¡Oh musas! ¡Oh alto ingenio, sostenedme! ¡Memoria que escribiste lo que vi, aquí se advertirá tu gran nobleza! Yo comencé:
(Canto II; Divina Comedia, Dante Alighieri)
SILENCIO
Kagome estaba soñando.
Cerró los ojos unos momentos como si no pudiera soportar lo que estaba viviendo. Era doloroso y a la vez tan hermoso que tenía ganas de gritar de ira y miedo. Quizás si se mantenía sin ver nada, dejaría de oler ese suave aroma a hombre y bosque, con todos esos matices embriagadores que tenía la tierra mojada. Esa fragancia era enloquecedora y asquerosa a la vez.
Un suave soplo de aire le movió unos mechones del flequillo e hizo que sus párpados se agitaran tentándola a abrir los ojos. Pero no lo hizo. Por miedo, mantuvo los ojos cerrados porque no podía renunciar al sentido del olfato. Ese suave viento había enviado a sus sentidos olfativos un olor tan particular que las lágrimas inundaron sus ojos, rebelándose a ella.

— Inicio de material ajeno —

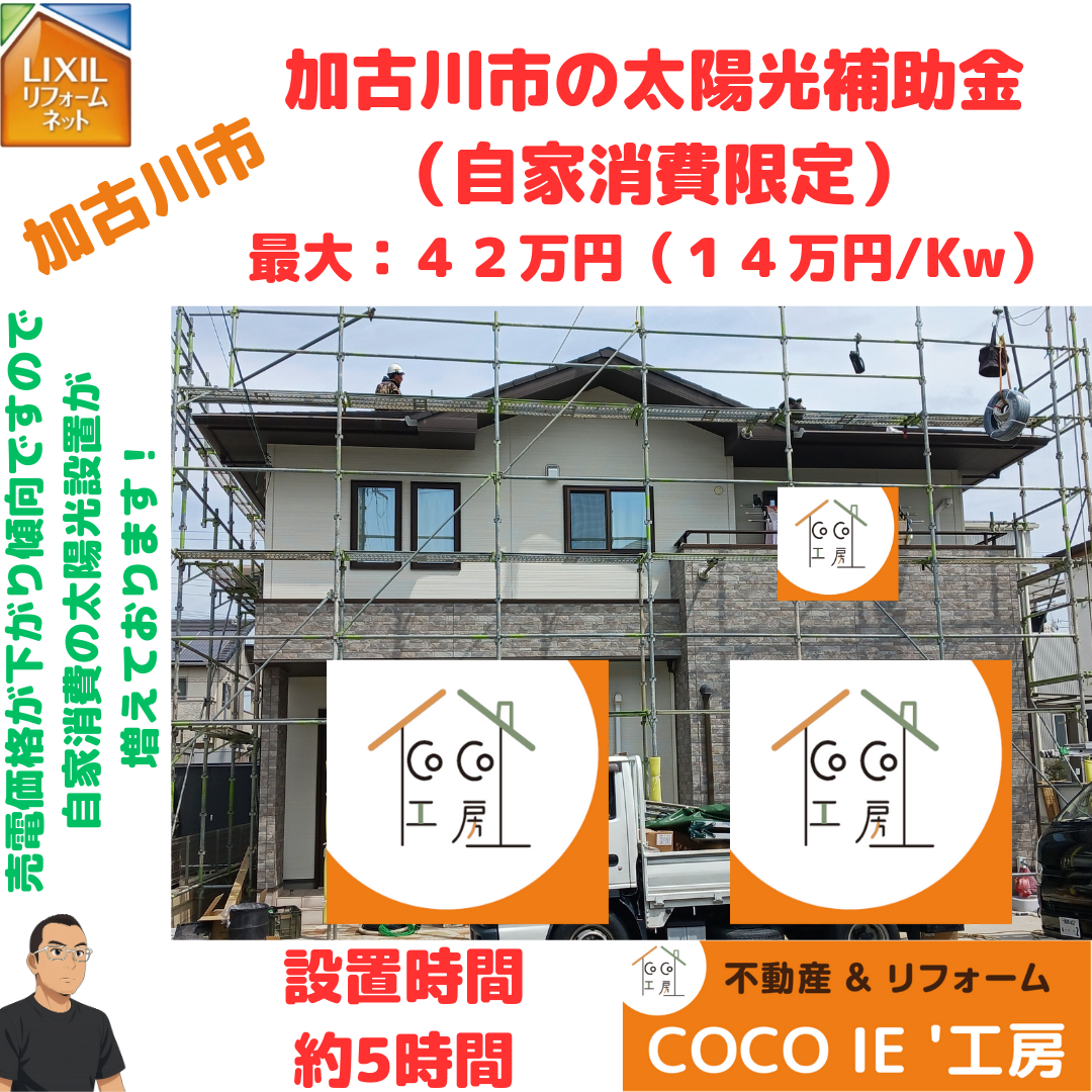 太陽光(自家消費型) 2026 4/10 お知らせ リフォーム 補助金・キャンペーン 2026年4月10日 太陽光!(自家消費型) 光熱費の高騰、不安定対策!加古川市の場合補助金額最大:42万円14万円/1kwあたり上限3kw詳しくはお問合せ下さいね! お知らせ リフォーム 補助金・キャンペーン エコキュート リフォーム 先進的窓リノベ2024 加古川市 姫路市 子育てエコホーム 播磨町 断水時 明石市 稲美町 給湯省エネ2024 補助金 非常用水 高砂市 この記事が気に入ったら いいね または フォローしてね! Follow Me よかったらシェアしてね! URLをコピーしました! URLをコピーしました! LIXIL 内窓( インプラス ) TOTO サザナ(ユニットバス) この記事を書いた人 COCOIE❜ 工房 50才台から SNS 始めてみました。 関連記事 LIXIL Jフィット(トイレ) 2026年4月10日 スイッチ、コンセント、照明(LED)) 2026年4月10日 エコキュート!(補助金対象!) 2026年4月10日 LIXIL リデア(ユニットバス) 2026年4月10日 塗装(外壁、屋根、その他)工事 2026年4月10日 塗装(外壁、屋根、その他)工事 2026年4月10日 塗装(外壁、屋根、その他)工事 2026年4月10日 Panasonic レンジフード 2026年4月10日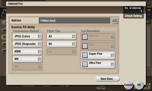 [Receiver RX Ability] | Sets the [Compression Method], [Paper Size], and [Fax Resolution] properties of original data that the destination machine can receive. |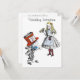 Esta divertida y original tarjeta de invitación de boda está diseñada para fanáticos del libro de 1865 "Aventuras de Alicia en el país de las maravillas" de Lewis Carroll. En la parte frontal de la tarjeta hay ilustraciones de Alicia y el Sombrerero Loco con ribetes de tartán añadidos a sus trajes, ¡perfecto para una boda escocesa o para novios con orígenes escoceses! Alicia está mirando la botella con la poción mágica que la reducirá a solo diez pulgadas de altura para que pueda entrar en el hermoso jardín. El Sombrerero Loco se ve, bueno, ¡un poco excéntrico! Si eres fanático de "Aventuras de Alicia en el país de las maravillas", esta es la tarjeta perfecta para informar a familiares y amigos de la fecha de tu próxima boda. Puedes personalizar fácilmente la tarjeta para adaptarla a la ocasión, por ejemplo, fiesta de compromiso, despedida de soltera, con tu fecha y el nombre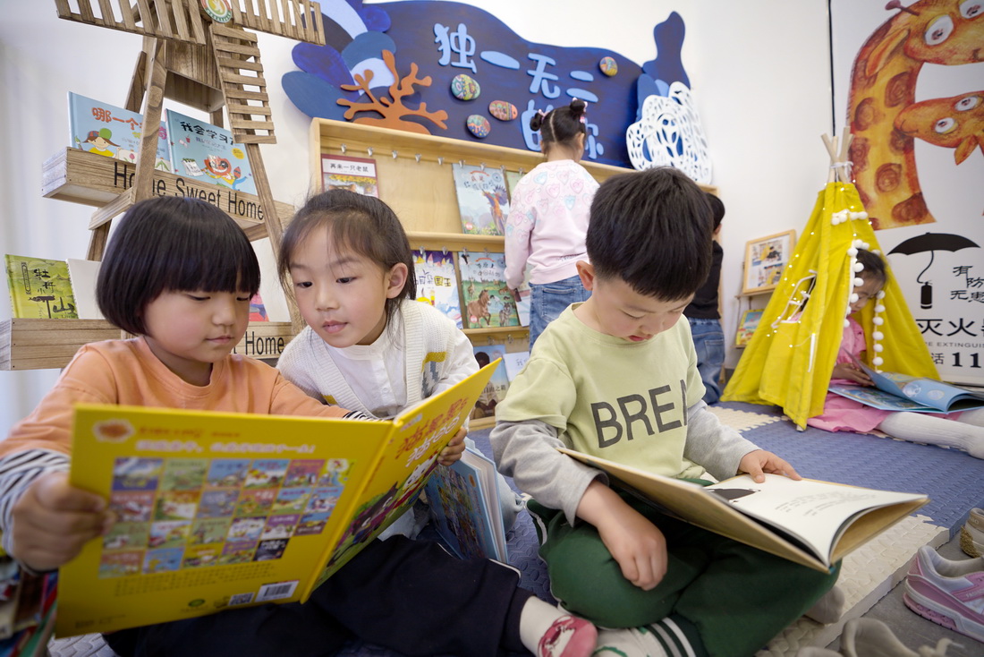 Children read books at a kindergarten in Xiong'an New Area, north China's Hebei Province, April 18, 2023. (People's Daily Online/Yang Hualong)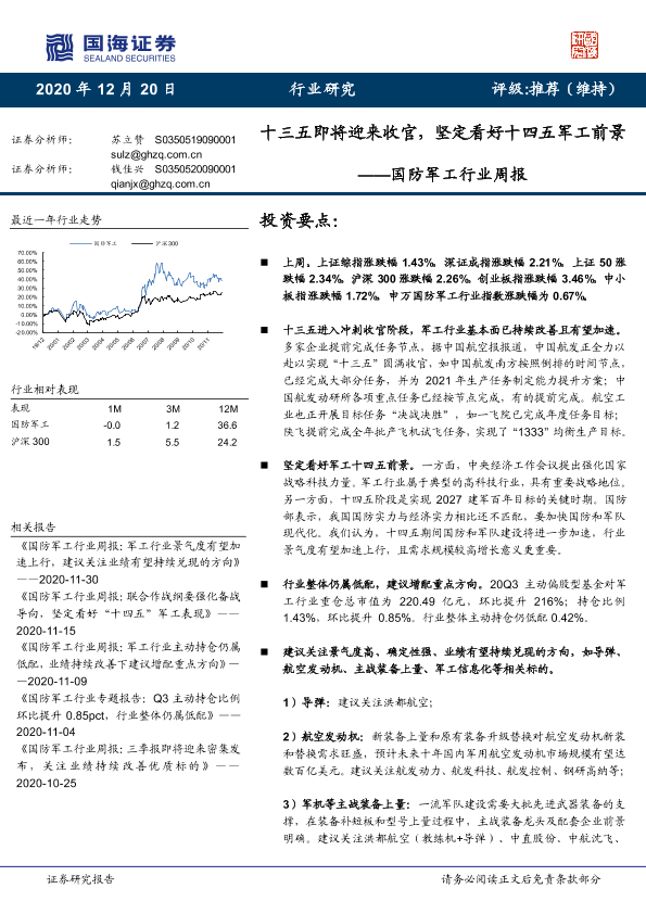【国海证券】【20201220】国防军工行业周报:十三五即将迎来收官,坚定看好十四五军工前景-12页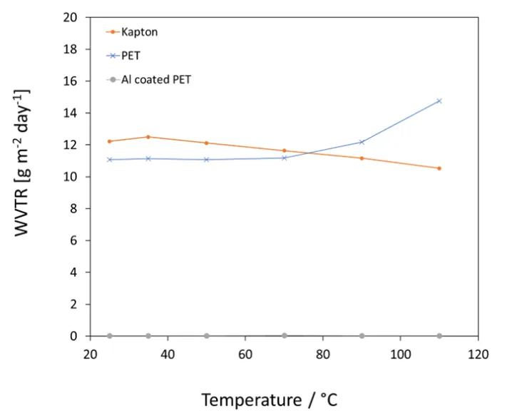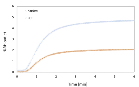 ▲ 图2. Kapton和PET薄膜水渗透性的比较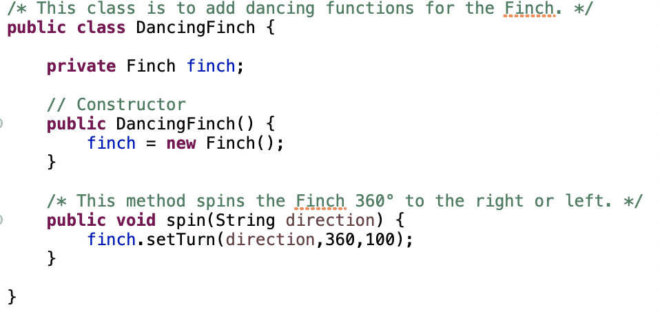 Throughout these lessons, you have been writing classes in Java, but you have primarily just been using main() to call Java functions, Finch methods, or your own methods. This lesson will focus on designing classes in an object-oriented way. A class defines the methods and variables for a programming object. A good object-oriented class will encapsulate a set of variables and methods that logically belong together.
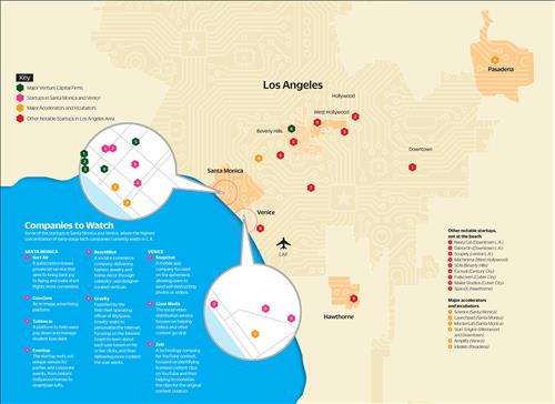 한국에 기반을 둔 비디오 게임 업체들이 LA 실리콘 비치로 대거 진출하고 있으며, 스마트폰 애플리케이션 창업기업들 가운데 LA 한인타운에 터를 잡은 곳도 상당수다.

Una uña acarició su rostro con ternura y suavidad, enmarcando unos rasgos contritos por el esfuerzo. No dejaría marca, pero deseó que lo hiciera, que su pálida piel sólo coloreada por el rosado de sus mejillas fuera herido y sangrara. La misma uña bajó de su rostro a su cuello deteniéndose en un punto donde el pulso latía vertiginosamente, delantándola.
Boom boom, boom, boom...
Deseó que su corazón dejara de latir, y no entendió como no lo hacía. Su interior estaba dolido, sangraba, pero ese órgano se rebelaba a ella haciendo que su sangre corriera, que sus pulmones bombearan y que ella pudiera sentir.
De repente, unos labios secos y fuertes sustituyeron esa uña en ese punto tan caliente donde su corazón daba señales de latir con fuerza para siempre jamás. Sintió su cuerpo tensarse y sus uñas crisparse como el pelaje de un gato al bufarse, aunque no sabía si su cabello había hecho lo mismo.
— Kagome...
Fue un susurro, el arrastre de unas vocales y consonantes que nombraron un nombre, su nombre, y que hizo que ella perdiera todo el control sobre su cuerpo y abriera los ojos. Quiso morir, más que cuando sintió su presencia, más aún que cuando olió su aroma o sintió su tacto; el toque de sus labios.
Vio dos pozos de colores como el sol, vio el universo y el deseo, vio el futuro y vio el terror. Un rostro varonil y duro suavizado con la expresión más dulce que había podido pintar nunca un artista.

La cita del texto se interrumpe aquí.